Today, the U.S. Food and Drug Administration issued 22 warning letters to online and brick-and-mortar e-cigarette product retailers and manufacturers across the country who sell flavored, cartridge-based electronic nicotine delivery system (ENDS) products advising them that selling these products, which lack marketing authorization, is illegal.
The warning letters were sent to some establishments with well-known names such as 7-Eleven and Shell and are the first of what will be a series of ongoing actions consistent with the FDA’s recently issued policy of enforcement priorities for e-cigarettes and other deemed products on the market.
he warning letters notify the retailers and manufacturers that selling or distributing ENDS products without a marketing authorization order to customers in the U.S. is prohibited under the Food, Drug and Cosmetic (FD&C) Act. Retailers and distributors are encouraged to communicate with their suppliers to discuss possible options for the unauthorized products in their inventory.

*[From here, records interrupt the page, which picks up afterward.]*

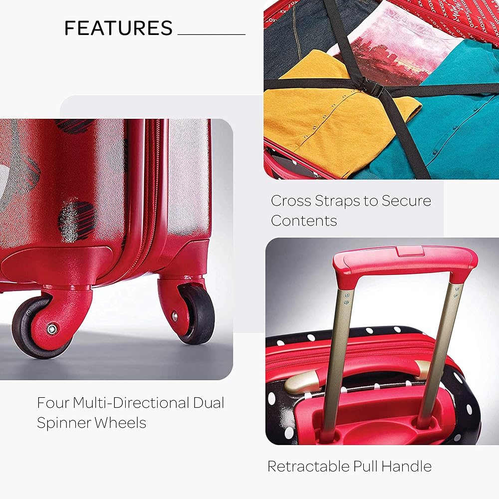 Show your love for your favorite Disney character with this hardside upright travel case from American Tourister. The American Tourister hardside is made from lightweight and durable ABS material and features a sleek hardside design with side-mounted skate wheels, a mono tube pull handle, and a top grab handle for easy lifting. The interior is fully lined and detailed with crisscross tie-down straps to hold clothing in place and a zip around divider that creates two separate packing compartments. This case is perfect for boys and girls on the go. Pack more fun with this Disney luggage!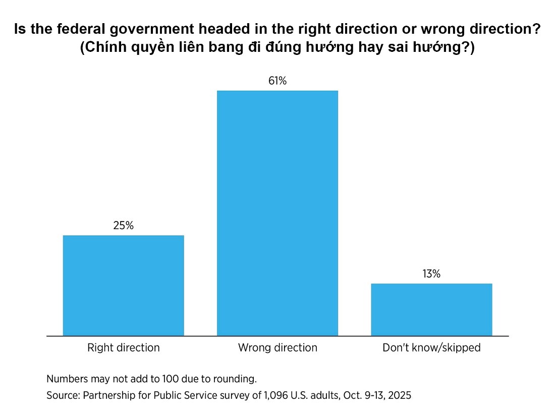 Một cuộc khảo sát mới do Partnership for Public Service thực hiện vào tháng 10, 2025 trong thời gian chính phủ đóng cửa cho thấy phần lớn công chúng bi quan về cách quản lý của chính phủ liên bang và rằng việc cắt giảm nhân sự và các chương trình của chính phủ liên bang dưới thời chính quyền Trump đang gây tác động tiêu cực đến đất nước. Có tới 61% người dân cho rằng chính phủ đang đi sai hướng, trong khi chỉ có 25% cho rằng chính phủ đang đi đúng hướng. 13% còn lại không chắc chắn.
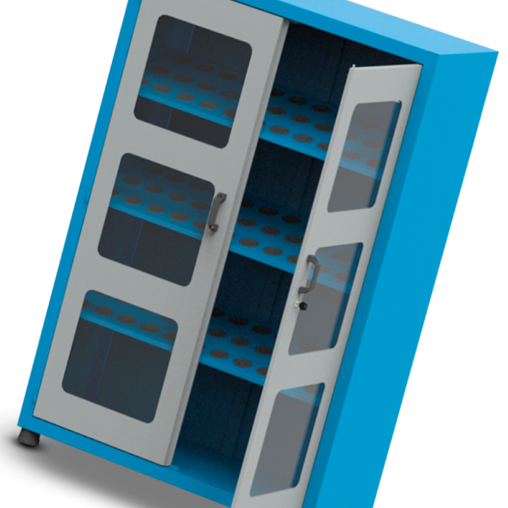 O Armário Porta Cone ISO30 para 108 peças com 3 prateleiras e Visor de Acrílico possui pés niveladores e detém uma capacidade de 50kg por prateleira.
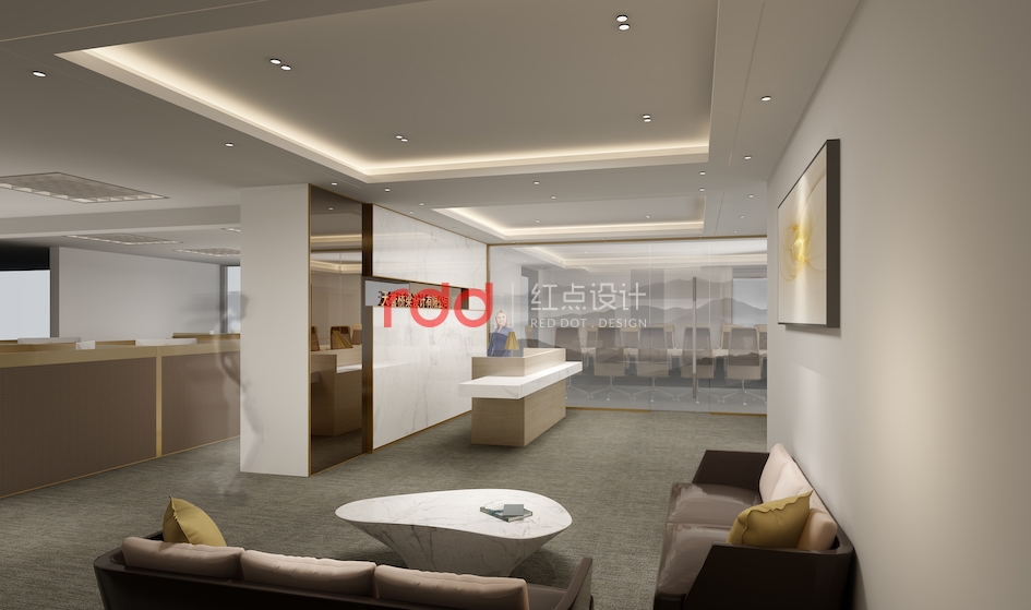 天譽橋梁設計公司是一家專注于橋梁設計的專業公司,結構沉穩大氣是橋梁的特點之一,因此在該公司的辦公室設計上,紅點裝飾設計的設計師運用爵士白大理石、玫瑰金與茶鏡的設計,讓整個前臺背景的沉穩多了幾分輕盈。

Additionally, as part of the agency’s efforts, the FDA recently issued import alerts (here and here) for certain unauthorized ENDS products offered for import into the U.S. based on the agency’s enforcement priorities. These import alerts describe products that, if imported, would violate the FD&C Act. These import alerts were issued in advance of any specific products being detained.
The agency also recently issued separate letters to nine manufacturers and importers seeking information about their ENDS products, including requesting evidence that the product is legally marketed and was not introduced or modified after Aug. 8, 2016, the effective date of the final rule that extended the FDA’s tobacco product authorities to all tobacco products. As of March 10, 2020, the FDA has sent letters to more than 100 companies seeking information about more than 140 ENDS products. A number of companies have now removed products from the market.